Enfin, il faudra faire attention aux textures, il en existe beaucoup, mais il se peut que certaines crèmes ou boissons soient trop épaisses et donc difficiles à avaler. Il ne faut donc pas hésiter à tester.
Le suivi diététique sera indispensable pour conjuguer maladie et alimentation, et s’adaptera aux limites et mode du vie des patients.
Dans quels cas de figure faire de la prévention pour éviter la dénutrition ?
Dès qu’il y a un trouble de la déglutition, il faut surveiller les prises alimentaires et le poids du patient à relever 2 fois par mois minimum.
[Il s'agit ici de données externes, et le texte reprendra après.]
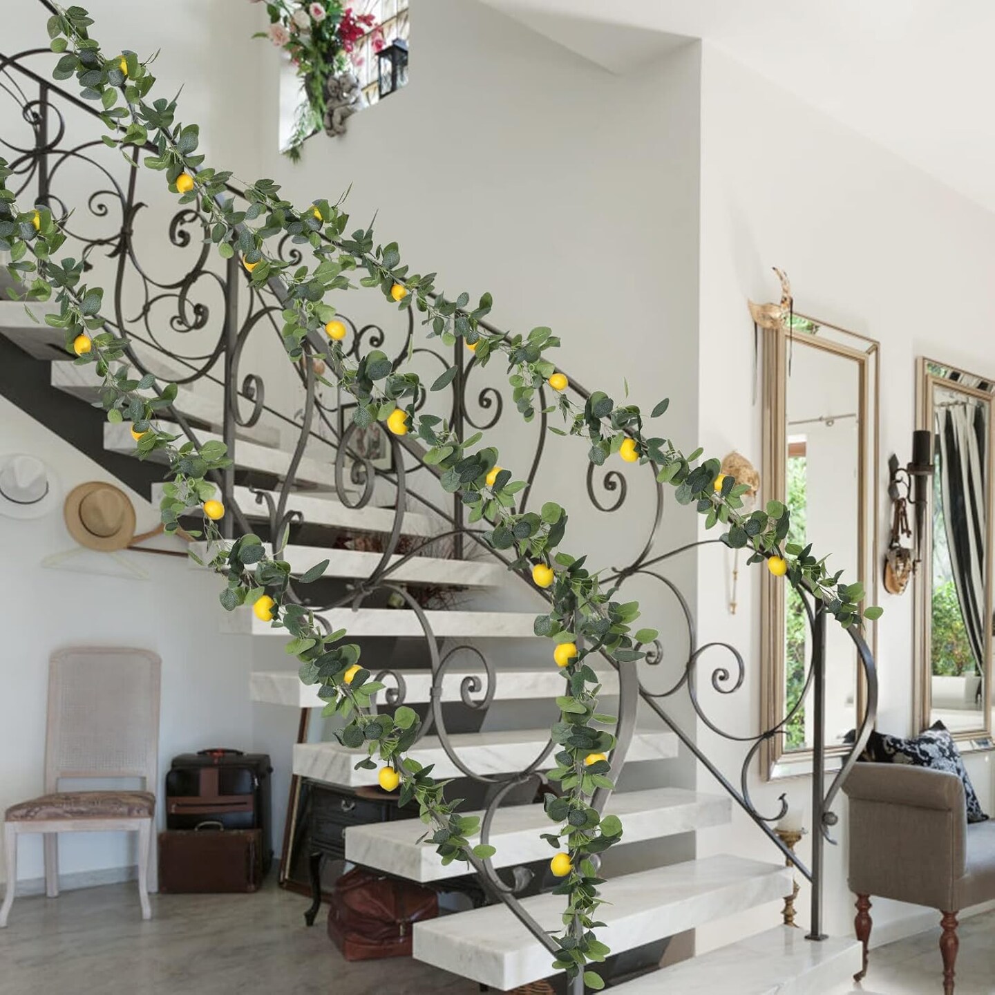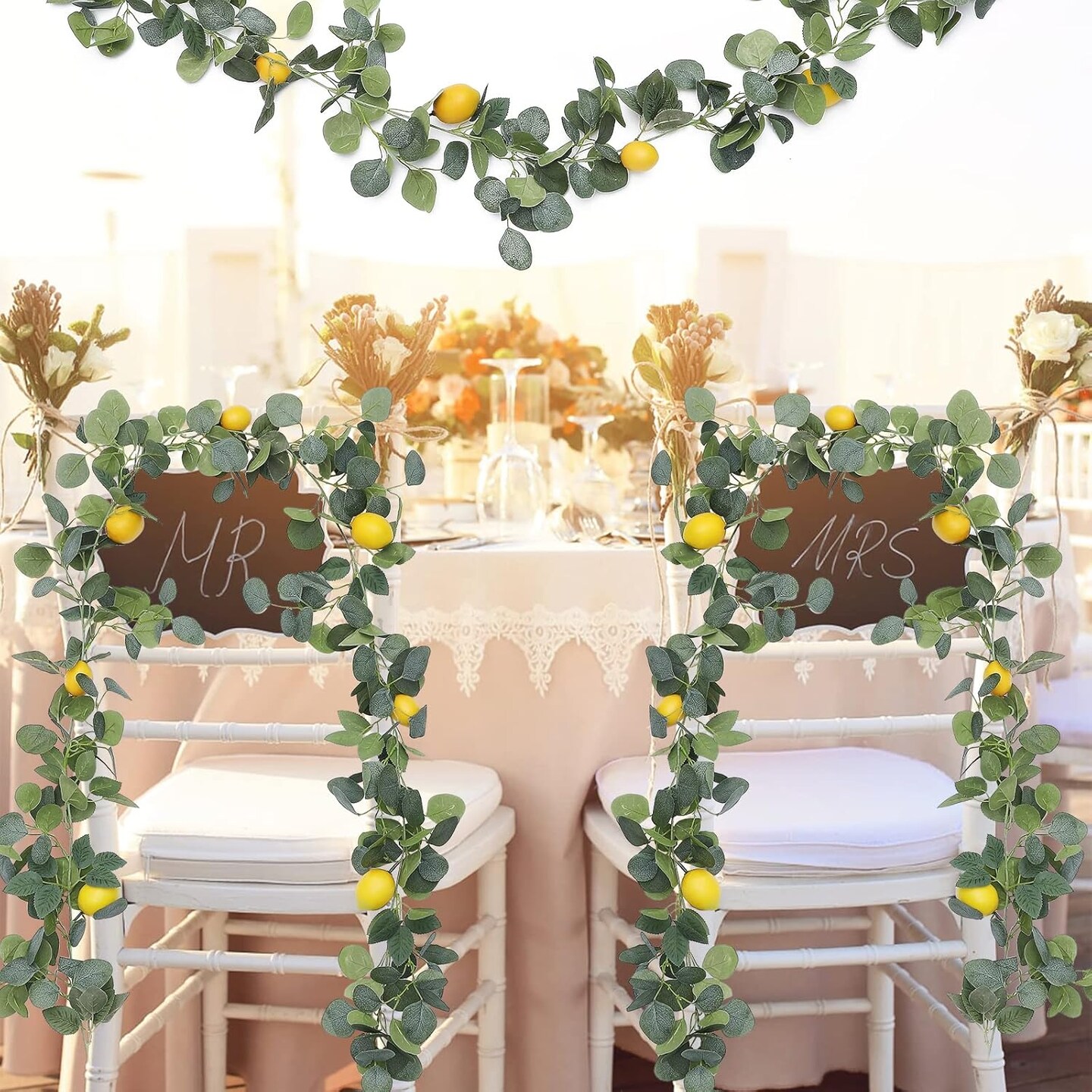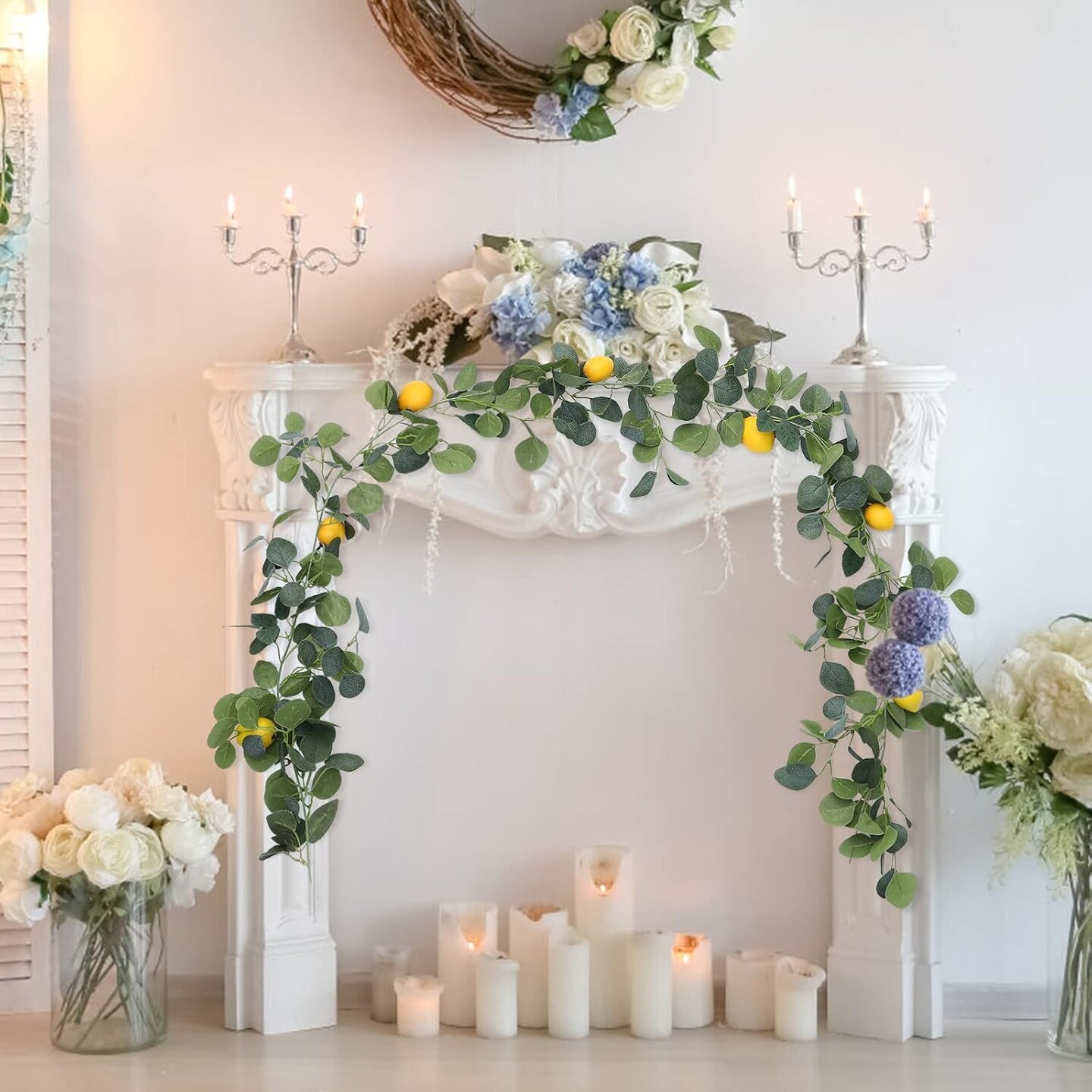 6.4 Ft Artificial Lemon Garland Faux Eucalyptus Garland with Lemons Greenery Fruit Garland for Front Door Home Kitchen Party Wedding Decor

Certains n’en perdront pas forcément, mais dès qu’il y a perte de poids, il faut engager une prise en charge de la dénutrition.
Vers qui se tourner pour prendre en charge les troubles de la déglutition ?
Il y aura bien sûr à traiter la ou les pathologie(s) qui gravite(nt) autour du trouble : médecin généraliste, gériatre, pédiatre, gastro-entérologue, oncologue, diététicien et nutritionniste…
De manière plus générale, les kinésithérapeutes et les orthophonistes peuvent évaluer et prendre en charge les troubles de la déglutition, mais cette compétence n’est pas suffisamment connue. Cela a été un peu mis en lumière pendant l’épidémie de Covid-19, car les orthophonistes ont été mobilisés en nombre pour prendre en charge les patients dysphagiques sortant de réanimation.
Au-delà de cela, et malheureusement, je pense que les troubles de la déglutition sont banalisés et insuffisamment pris en compte. C’est un trouble aux différentes facettes, multifactoriel qui nécessite un accompagnement pluridisciplinaire par des équipes bien formées.